Ah oui, les élèves peuvent aussi être associés à cette évaluation d’établissement, mais ça concerne plutôt le second degré. (Mince, on a failli se poiler).

Une fois que cette auto-évaluation est faite et transmise, un groupe d’expert·es venant d’un autre département va effectuer une évaluation externe avec observation en classe, questionnement des parents, des enseignant·es, visites de l’école et tout le toutim.

Cette seconde phase d’évaluation doit être finalisée rapidos, car il faudra faire un bilan de cette expérimentation courant décembre pour une généralisation dès le mois de janvier 2022 (4ème franche poilade en apprenant qu’encore une fois, on prévoit à l’avance de généraliser une expérimentation sans l’analyser.)

Ce groupe d’expert·es peut-être composé d’IEN, de directeur·rices, de CPC, d’enseignant·es référent·s ...

Une fois que cette évaluation est terminée, on n’a pas bien compris ce qui se passait, mais à priori, l’équipe aura retiré les axes de travail pour améliorer l’école. Sous entendu pour de meilleures performances. Une sorte de projet d’école, mais en beaucoup plus chiant ! On ne pensait pas que c’était possible, mais si. Blanquer est vraiment plein de ressources.

Une fois cette expérimentation Chauraisienne terminée, ce sont donc les autres écoles du département qui devront s’y coller, et toutes les écoles devront y passer dans un délai de 5 ans ...

Bien entendu, l’administration réfléchit déjà à regrouper entre elles les petites écoles, histoire de bien préparer le terrain pour imposer des structures plus grosses.

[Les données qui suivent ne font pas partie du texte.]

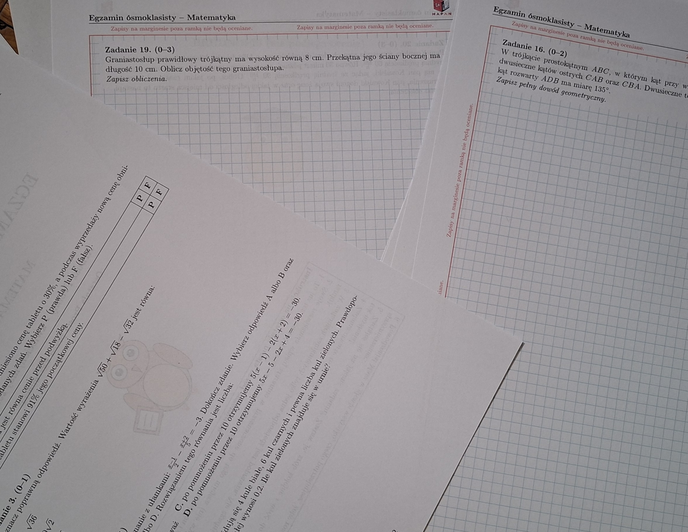 Autentyczny wygląd CKE: To największy atut tego materiału! Arkusze mają dokładnie takie samo formatowanie jak te na prawdziwym egzaminie – zadania otwarte osadzone są na niebieskiej kratce, otoczone czerwoną ramką z ostrzeżeniami na marginesach. To genialny sposób na oswojenie uczniów ze stresem i formatem arkusza.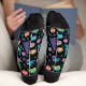 A Colorful Unsex Christmas Crew Sock Design In The Christmas Spirit With Trees, Gifts and Ornaments On Black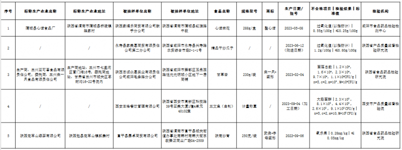 11月9日,陕西省市场监督管理局发布2023年第35期通告,检出不合格食品5批次,涉及质量指标不达标、微生物污染、农药残留超限值的问题。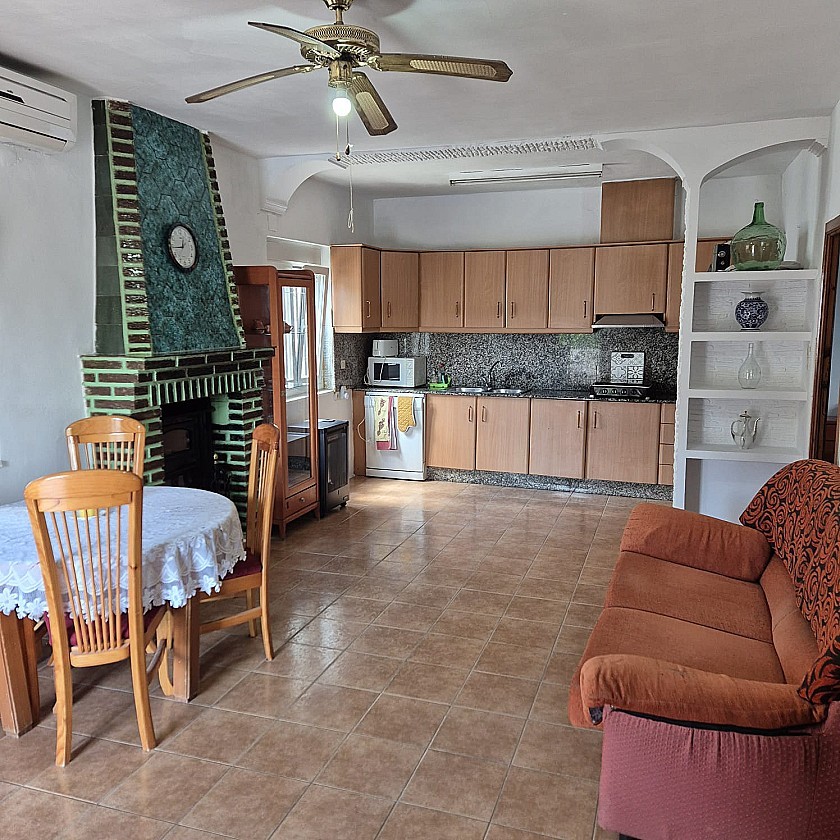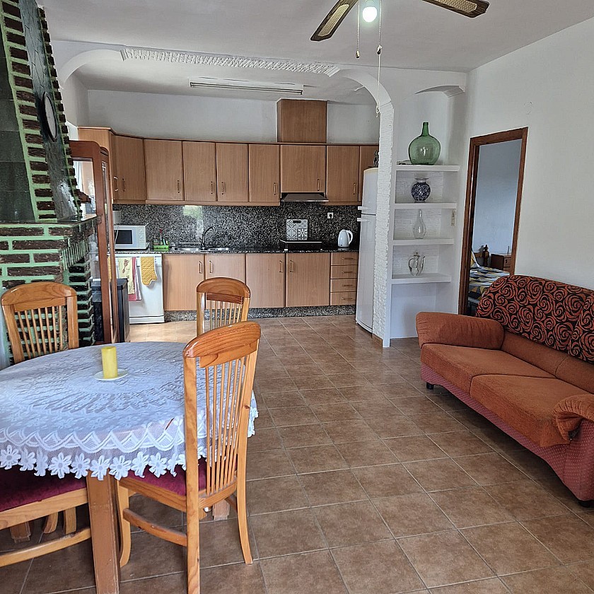 Het huis heeft een ruime woon-/eetkamer met open keuken, voorzien van een grote open haard en airconditioning. Vanuit de woonkamer heeft u twee tweepersoonsslaapkamers en een kleine hal leidt naar de familiebadkamer met douche en de derde tweepersoonsslaapkamer.

Nous avons bien entendu demandé sur quel temps allait se faire cette expérimentation. Actuellement, nos collègues des écoles de Chauray prendront ce temps sur 12h d’animations pédagogiques. Nous les invitons vraiment à compter leurs heures et à bien les noter, et à arrêter de participer une fois que ces heures auront été dépassées. Par contre, il y a fort à parier que le crédit d’heures sur les animations pédagogiques va disparaitre bien rapidement pour être finalement pris sur les 108h. Mais bon, d’aucun diront que nous sommes mauvaises langues.

Bref, à la fin de cette audience, ce n’était pas franchement la grosse poilade. La vitesse à laquelle ce ministre casse l’école publique est effrayante. Ces évalutaions d’établissement sont dans la droite ligne de la loi Rilhac, et l’expérimentation Marseillaise sur le recrutement des enseignants par les directeurs et directrices d’écoles. Nous sommes vraiment très inquiet·ètes du devenir de l’Éducation Nationale, car si nous ne réagissons pas collectivement très vite, cette école que nous avons eu la chance de connaître et qui était malgré tout porteuse de valeurs émancipatrices ne sera plus qu’un paragraphe dans les livres d’histoire.